Он обнял меня, рука его скользнула по спине, я ее перехватила - комплексую: у меня между лопаток кожа жесткая, поры постоянно забиваются мелким просом угрей, что я только не делала, но туда же трудно достать, а вот на груди кожа гладкая, атласная. Вот пусть ее и трогает. Я вообще с разбором позволяю мужикам грудь мою мацать. Этот - осторожный, напуганный, сильно мять не будет, я хочу, чтоб грудь долго «стояла», а если ее мять, как Зюзя, то она скоро просто в тесто превратится и обвиснет. Зюзя бывал грубым, диким, но бывал и странно нежным, по крайней мере, то, что он мне дал, я не испытала ни с кем. Это вообще была чудовищная авантюра, это меня Репецкий научил – пробовать все в жизни, коллекционировать мурашки на коже, но я не умею просто коллекционировать, вместо мурашек получаю какие-то чудовищные переживания, псориазные! И Зюзю я решила попробовать из-за Репецкого, хотелось притулиться к «хозяину жизни», погладить тигра. Бандиты – это же самые настоящие звери, рядом с ними страшно, как в зоопарке с открытыми клетками. Того и гляди – леопард или медведь вот с такими когтищами выскочит тобой полакомиться. Тут такие мурашки, что кожа похожа на терку кухонную! И все равно я захотела и попробовала этого зверо-человека, страшного, полубезумного. Я лежала, зажмурившись, он покрывал меня поцелуями, и у меня было такое ощущение, словно меня обнюхивает огромный волк. Он дал мне безумный, совершенно звериный накал секса, искусал всю, измял, довел наслаждение до боли, а боль - до оргазма. Наверно, где-то во мне сидит и мазохистка. А еще он любил трахаться «с подливкой», ну - когда месячные, там все хлюпает, кровать в крови, вид как из голливудского ужастика!

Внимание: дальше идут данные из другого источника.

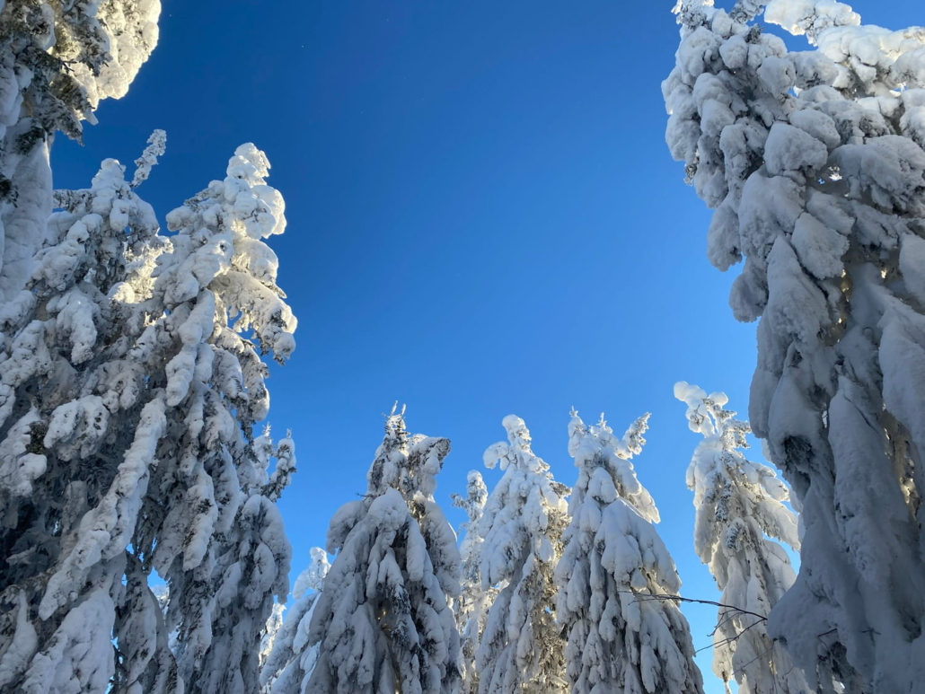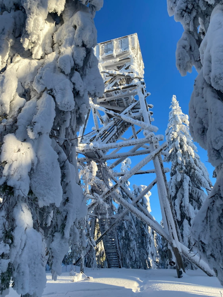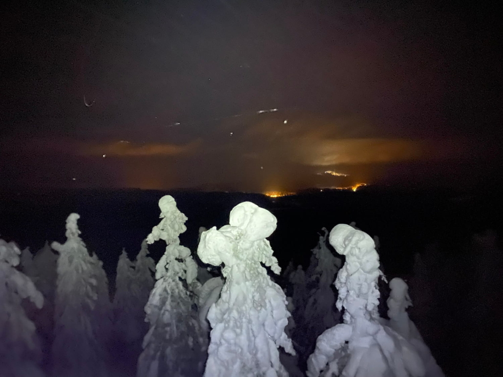– Kävellessäni kohti Räsävaaraa, taivas kirkastui muutaman kerran ja kuu ja tähdet tulivat esille, mutta sää pilvistyi nopeasti uudestaan. Lähtiessäni kapuamaan viimeistä polkua ylös vaaran juurelle mietin jo, että ei kyllä yöpyminen tornissa tai vaaran päällä onnistu: tuuli puhalsi puuskissa niin voimakkaasti, että sain muutaman kerran kunnon lumipesun, kun tuuli pudotti lunta puista. Sinnikkäästi kuitenkin jatkoin tornille saakka, vaikka sinne menevää polkuakaan ei välillä meinannut erottaa, Marja muistelee.

Я положила руку Артема себе на грудь, он тихонько сжал ее, его ладони были большие, красивые, я видела где-то скульптуру Родена «Рука Бога» - те же прекрасные длинные пальцы, великолепно вылепленная кисть с совершенно ненужными грубыми мозолями набитых суставов.
Артем напряженными руками касался лежащего рядом большого тела. Школьные
подруги на дискотеках сильно пахли потом и духами, а эта чужая женщина ничем не пахла, подмышки гладко выбриты, буфера большие, как у журнальных красоток, и загорелые! Прямо коричневые в полумраке, только по соскам тянулись светлые линии купальника. Артем трогал кончиками пальцев грудь Инессы, сильно сжать боялся. На ощупь грудь оказалась мягкой и зыбкой, а сосок большим, под пальцами затвердел и сделался бугристым. Кожа груди и внутренней поверхности ног - гладкая, как молоко, а за локтями и между лопаток - жесткая, в прыщиках. И еще ноги у нее колются – бреет, наверно. Наклонился, взял в рот сосок. Пососал. Женщина тяжело, с пристоном задышала. Артем поднял голову. Посмотрел на крупную, в коричневом загаре, в кефирных растяжках в области подмышки, грудь: сосок был похож на гриб-масленок - блестящий от слюны, шляпкой книзу, ножкой кверху, вокруг хороводом сбежались темные пупырышки.
Придурки-мужики западают на большую грудь, им хоть кал на голове теши, но подавай титьки не меньше четвертого размера. (Это Репецкого прикол - «кал на голове теши», лезет он из меня отовсюду, муженек мой бывший!) А каково нам таскать за пазухой два раза по полведра колыхания - об этом они не думают!
- Ну,- сказала я.  - Ты можешь ласкать женщину и - не кончаешь. Верно?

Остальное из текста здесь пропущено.